Still reeling from the DEVIL's demands, Georgina Spelvin predictably shines as lonely and insecure Bernice Wyatt, writer of conspicuously sexless fiction and - just like the pathetic Justine Jones before her - on a one way trip to spinsterhood. Refraining from intimacy as result of the strict Catholic upbringing that left her kid sister Tracey (an indelible performance for which tragic Tina Russell, arguably adult's first superstar, hasn't received anywhere near according credit) a Bible-thumping fundamentalist, she leads a seemingly serene existence fooling no one but herself, recurring erotic nightmares stirring up needs increasingly difficult to ignore. Her sympathetic literary agent Georgia (the criminally underestimated Darby Lloyd Rains) urges her to go out on a date and break a sex fast that has apparently persisted since she quit college. Troubled by thoughts of her lover at the time, fanciful free spirit Nancy (surprisingly well played by Judith Hamilton, Spelvin's real life girlfriend at the time), increasing her guilt for such an "unnatural" attraction, Bernices reaches out to carefree young Larry (Davey Jones), aimlessly strumming his guitar in Central Park, taking him home for sustenance. Rewarding her TV dinner with tenderness, the boy seems a probable prospect for the woman to turn her life around if it weren't for the blast from the past reappearance of Nancy on her doorstep. Now a successful nude photographer, casually sleeping around with models like Jamie Gillis and Marc Stevens and therefore practicing very much as she has always preached, she's adamant to rekindle their rocky romance.
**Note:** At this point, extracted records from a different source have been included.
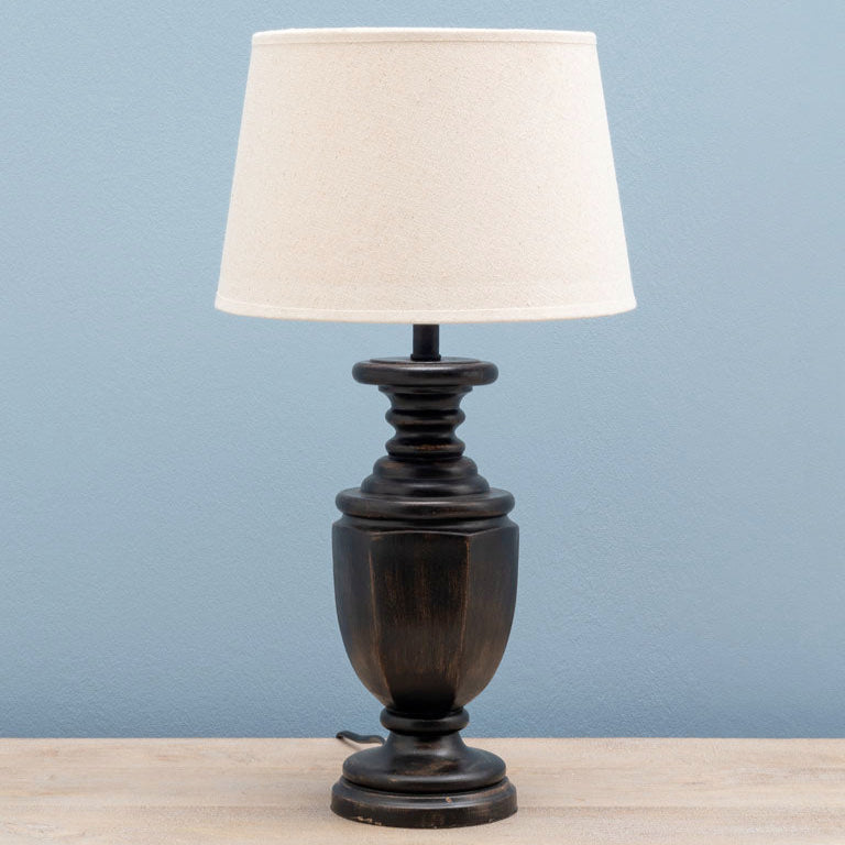 Diese süße kleine Urnen-Tischlampe ist eine wunderschöne Ergänzung für jede Konsole oder jeden Beistelltisch. Es handelt sich um eine zierliche Lampe, die problemlos in die meisten Räume passt und sich in fast jedes Farbschema einfügt. Wir lieben den dunkelbraunen Holzsockel gepaart mit dem cremefarbenen Leinenschirm. Dies wäre eine fantastische Nachttischlampe, da sie weiches, warmes Licht abgibt und auf die meisten Nachttische passt.
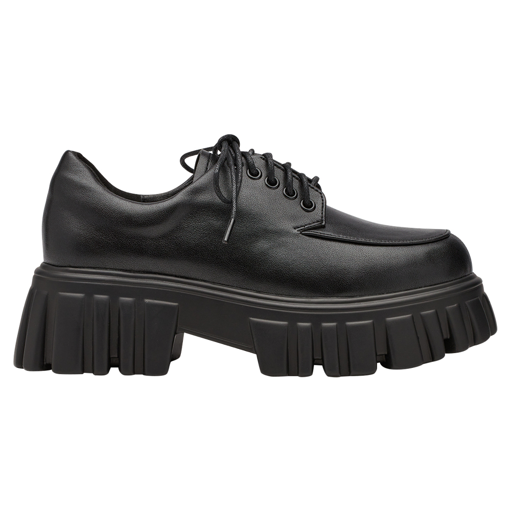 時尚靈感輕量鋸齒厚底牛津鞋 黑
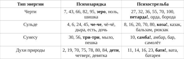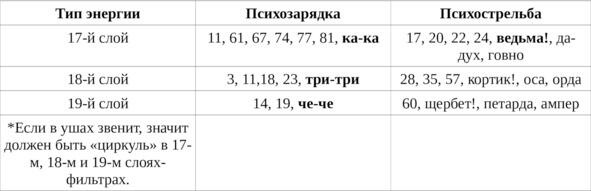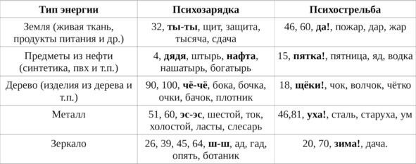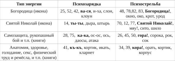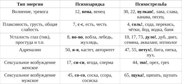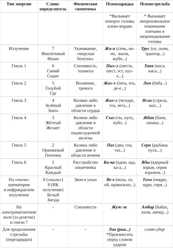 таблица 2: психозарядка и психострельба
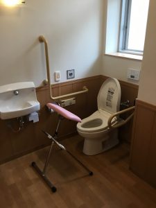便器の前に置いてあるものは、「楽助さん」姿勢補助の福祉用具です。
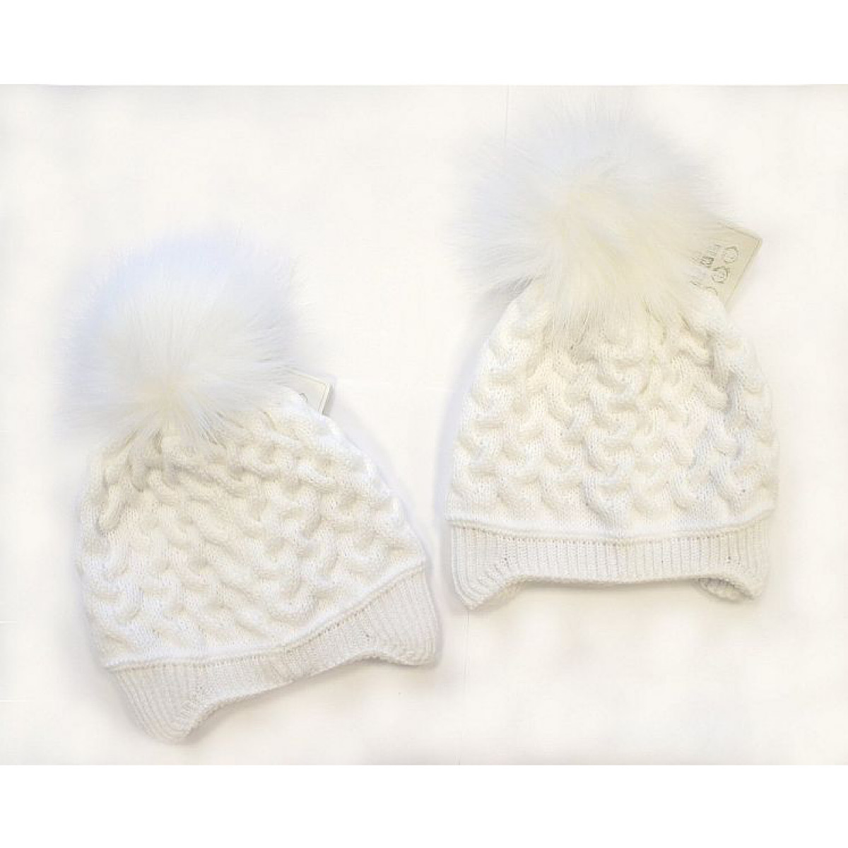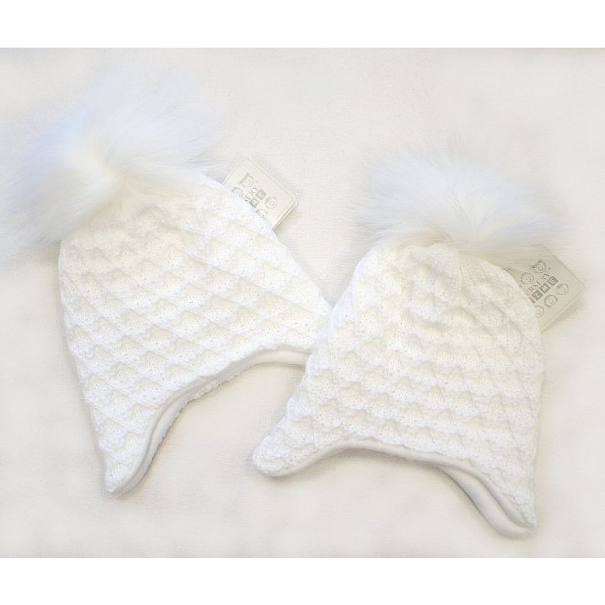 Ivory Knitted Pom Pom Trapper Hat 0-18M

Crassly insensitive to her lover's intricate needs, Nancy assumes the role of ringmaster, deviously warming her to the idea of taking down Tracey's pious attitude by staging to have her raped at knife-point !

The narrative, progressing pleasantly until this point, takes a sharp left turn with the introduction of Nancy's no good "friends" including a slobbering Levi Richards taking Tina's prized maidenhead in an extended orgy finale, pretty much playing out in real time, that had dirty movie detractors accusing Sarno of selling out as he kept piling up performers on Bernice's brass bed. Sarno's rendition in no way betrays his beliefs and concerns, focusing on female pleasure, albeit enforced, tellingly by other women. Russell's facial expressions as she's torn between liberating pleasure and misguided remorse are absolutely flawless, further augmented by subtle details such as Spelvin's softly stroking her sister's foot as the actress's real life husband Jason pushes her over the edge, achieving credible climax. Surely, if the director's intentions had really been as callous as naysayers claim, Tracey's heartbreaking request to Nancy to pray for her now she fears that God's no longer listening since she has become a sinner for having (and worse, enjoying) sex would never have made it into the finished film. The film's compassionate coda finds Bernice tearfully picking up Tracey's discarded Bible, unsure of what she has wrought, making her way back to Larry in the park and suggesting they go around spreading the gospel of a loving and enlightened God. The nuance being that, while fundamentalists would fight tooth and nail to suppress the sex industry, religion in itself was not the enemy. After all, if God is indeed love as ministers have tirelessly preached from their pulpits, then surely even He could find no fault with the free expression thereof, in life as well as art ?

Drifting in 'n' out of a burgeoning business, his time in the trenches totaling less than a year, Davey Jones delivers the standout turn of his short career. His kindhearted seduction of the nervous and self-deprecating Spelvin plays out entirely without music, the actors performing like real people, with unforced naturalistic banter that extends far beyond the genre's comfort zone. The overall effect is simply mesmerizing, like witnessing sex for the very first time, unfettered and unembellished. This unassuming little masterpiece - fully deserving that description though thus far relegated to footnote status even in exhaustive explorations of the director's body of work - proudly positions itself as a prime candidate for porn rehabilitation, a compelling drama adult in content as well as the freedom to show what goes where, both emotionally eloquent and erotically effective.